The detail in the prior sections helps frame a set of orienting principles for this new mindset:
The Kremlin relies on below-threshold conflict in many domains to achieve strategic objectives, and has found significant success in the world and against the United States. We must enhance our capabilities in these domains, and also how we monitor and assess threats in grey spaces.
The way we engage the Kremlin allows Russia to evade consequences — consequences for what was done to occupied nations during the Soviet Union, consequences for what has been done to their own people, consequences for what they do in the world on an escalating basis — which encourages them to take greater risks and accelerate disruptive activities in their near abroad and further afield. We must own our role in contributing to this state of affairs, and up-end this cycle.
Ignoring and minimizing Russian behavior creates a system that also requires us to ignore things about ourselves. We must evaluate the weaknesses that we have failed to confront, renew our strength at the seams and in grey spaces, and reconceptualize what resilience and defense are in an era of grey threats.
If we can build strength where we know we haven’t had it against Russia, this gives us a better position against China across the same domains, and it gives us an enhanced domestic fabric of resilience to better mobilize our resources and respond to threats and crises (like pandemics, extreme weather events and fires, attacks against critical infrastructure, more).
We must refocus on shaping outcomes in a state of perpetual change, not achieving an endstate.
Everyone is eager to leap forward toward China, but we won’t get China right if we fail to evaluate how we have repeatedly gotten Russia so wrong. We all know that China is the far greater long-term threat — far better resourced, more cautious, more patient, more deliberate. But this is precisely why allowing the Kremlin to continue to gnaw at us without consequences is so dangerous. It’s a roadmap for China — well, more accurately probably like the maps a pilot uses to navigate a ship up a river. It shows where we can be attacked without cost, and that there are weaknesses we seem blind to, unwilling to shore up.
Much of this revolves around a shift in mindset. Admitting our failings but remembering our significant strengths. Developing a new toolkit that enhances options to respond so that attacks and threats below-threshold can be met with an appropriate response. Better assess where we should act, and where we may need sharp capabilities and mobilization. The grey spaces are where we are losing — in the world and at home. This is where power has shifted across the past decade. This is where we must be to alter the equation.
First, remembering our strengths.
We, the collective West, have squandered the honor at the core of our trust-based system, and in the absence of friends to stand with, we’re de facto looking around for the right bully to stand behind. We’ve come to embrace the nonsense-think that we can somehow choose better relations with Russia or China, prioritize one or the other, or play the one off the other as if they do not share a joint view of a new era of global power. Russia and China send nice storytellers to sing us to sleep, and we think a good night’s sleep sounds pretty good. But in the morning, there are never ponies or magic beans waiting for us. Just miles to walk and work to do, and no shortcuts for it. The same is true of all the demagogues who want to tell us “sovereignty” is going to solve all our problems.

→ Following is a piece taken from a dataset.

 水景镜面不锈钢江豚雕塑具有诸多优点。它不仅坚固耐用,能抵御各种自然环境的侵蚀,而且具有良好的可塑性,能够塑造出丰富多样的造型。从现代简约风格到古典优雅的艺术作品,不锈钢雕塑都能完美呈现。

The math here remains pretty darn simple. The core of the allied free world — NATO nations plus Sweden, Finland, Australia, New Zealand, Japan, South Korea — are more than half of global economic and military power. This all works apiece: the security guarantee creates an environment where democracies and economies thrive, and it all has a nice network effect because of the shared values it’s based on. There is tremendous human capital and innovation within the bloc, research and academic institutions that are without equal. Living standards improve for all our citizens because of it. None of this was accidental: we purposefully built this from the ground up after WWII — essentially based on the same idea we seek to renew here, that resilient democratic societies networked by values have a survival advantage.
Sure, we all squabble like siblings, and we have widely disparate tastes in beer, and we may not always agree on how best to address the threats we face. But we’re zipping around in our gold-plated free-world flying car, counting nickels and trying to reinvent the wheel to compete with China and outlast Russia. But guys, look around — we’re in the flying car. We don’t need a wheel. We’re never going to agree on everything — but I hope we’d rather all stay here in this flying car than slog around with an algorithm deciding if our citizen score is high enough to keep us out of a “re-education camp,” or if we deserve a loan, an education, or the ability to leave our country. We, for sure, are not perfect. But we cannot, after everything, let this be the model we blindly allow to set the course to the future.

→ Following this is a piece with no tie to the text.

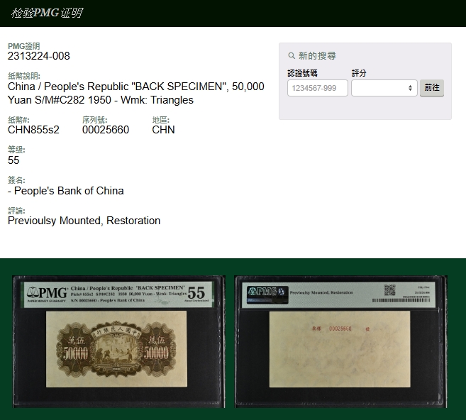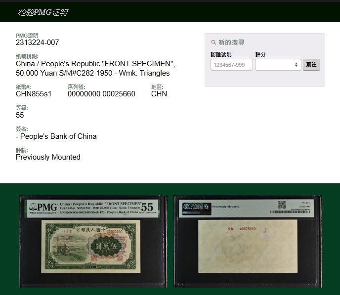 紙鈔分類 中國紙鈔清代~紙幣/股票/債券(8310-8323)『楊展孝』收藏~中央銀行銀元兑換券(8324-8380)民國~中央銀行紙幣(8381-8424)民國~中國銀行(8425-8448)民國~交通銀行(8449-8459)民國~中國農民銀行(8460-8462)民國~各省銀行券(8463-8491)民國~軍用鈔票(8492-8504)民國~地方券/錢莊票(8505-8510)民國~偽政權紙幣(8511-8519)民國金融票證~債券/股票(8520-8543)臺灣銀行~日治時期(8544-8552)臺灣銀行~老台幣(8553-8577)臺灣銀行~新台幣(8578-8679)臺灣銀行~限金門/限馬祖通用(8680-8694)臺灣銀行~限大陳島通用(8695-8696)臺灣/中央銀行~趣味號(8697-8706)中央銀行~三連鈔(8707-8709)臺灣各式金融票證(8710-8715)日本『山崎 修之亮』收藏~中國及外國紙幣(8716-8738)新中國紙幣解放區時期紙幣/債券(8739-8740)中國人民銀行~各版人民幣/外匯券/金融票證(8741-8759)世界各國紙幣日本紙幣(8760-8773)世界各國紙幣(A~Z)(8774-8783) 中國紙鈔 ↳清代~紙幣/股票/債券(8310-8323) ↳『楊展孝』收藏~中央銀行銀元兑換券(8324-8380) ↳民國~中央銀行紙幣(8381-8424) ↳民國~中國銀行(8425-8448) ↳民國~交通銀行(8449-8459) ↳民國~中國農民銀行(8460-8462) ↳民國~各省銀行券(8463-8491) ↳民國~軍用鈔票(8492-8504) ↳民國~地方券/錢莊票(8505-8510) ↳民國~偽政權紙幣(8511-8519) ↳民國金融票證~債券/股票(8520-8543) ↳臺灣銀行~日治時期(8544-8552) ↳臺灣銀行~老台幣(8553-8577) ↳臺灣銀行~新台幣(8578-8679) ↳臺灣銀行~限金門/限馬祖通用(8680-8694) ↳臺灣銀行~限大陳島通用(8695-8696) ↳臺灣/中央銀行~趣味號(8697-8706) ↳中央銀行~三連鈔(8707-8709) ↳臺灣各式金融票證(8710-8715) ↳日本『山崎 修之亮』收藏~中國及外國紙幣(8716-8738)新中國紙幣 ↳解放區時期紙幣/債券(8739-8740) ↳中國人民銀行~各版人民幣/外匯券/金融票證(8741-8759)世界各國紙幣 ↳日本紙幣(8760-8773) ↳世界各國紙幣(A~Z)(8774-8783) 點大圖放大展示,點小圖切換 6 樣票:中國人民銀行一版人民幣1950年5萬元收割機圖,正.背面圖各1枚,均評級:PMG About Uncirculated 55(Page 88) 結標時間 2025-12-16 14:08:00 拍品編號:8745 起拍價:NT$33000 當前價:NT$33000 自動出價 直接出價 出價 系統將按出價級數,依序為您比(出)價至上限金額 提醒您:直接出價後不可將金額改低,只能改高,蟠龍無法降低您的出價,最高出價者無法取消出價 (查看出價說明) 得標說明:需按得標價另加10%佣金 當前加價幅度:NT$0元 (查看加價級數表) 回上頁 線上出價記錄 線上 0 人次,書面 0 人次 競價客戶 所在地 出價時間 出價金額 出價方式 問與答 目前尚無提問 我要提問 請先登入會員

It’s so easy to lose sight of how the weaponization of small disruption heralds an era of significant upheaval — but what’s at stake here is impossibly vast. The 20th century will be remembered as a time of global wars and broader movements to expand freedom and representative governance. This was not just a project of the West, though the alliances and institutions we have built make it more resilient here (we hope). Perhaps we were miserable stewards of this expansion of freedom, assuming this endstate was so desired that it would require little maintenance. Perhaps a lot of things.
But right now, the 21st century is poised to be the era that undoes all of that. There are a lot of forces changing the balance of power in that direction — and it’s possible the pandemic may be the pivot point from which we tip into the abyss. Data-driven, tech-enabled digital authoritarianism. The fracture of our minds beneath the constant onslaught of information, including coercive and untrue information pushed in front of us by algorithms and wanton propaganda peddlers. The creation of impossible wealth — and the consolidation of that wealth and the power it represents into hands that often seem less interested in the elevation of more people, if not utterly detached from the idea that laws must govern and tax all men. The coming automation of work and war and medicine, which basically no one has stopped to evaluate from the perspective of: what is the role of government for its citizens in this totally new world? If we aren’t willing to work through our problems and be an alternative to the bullies, they’ve already won the century.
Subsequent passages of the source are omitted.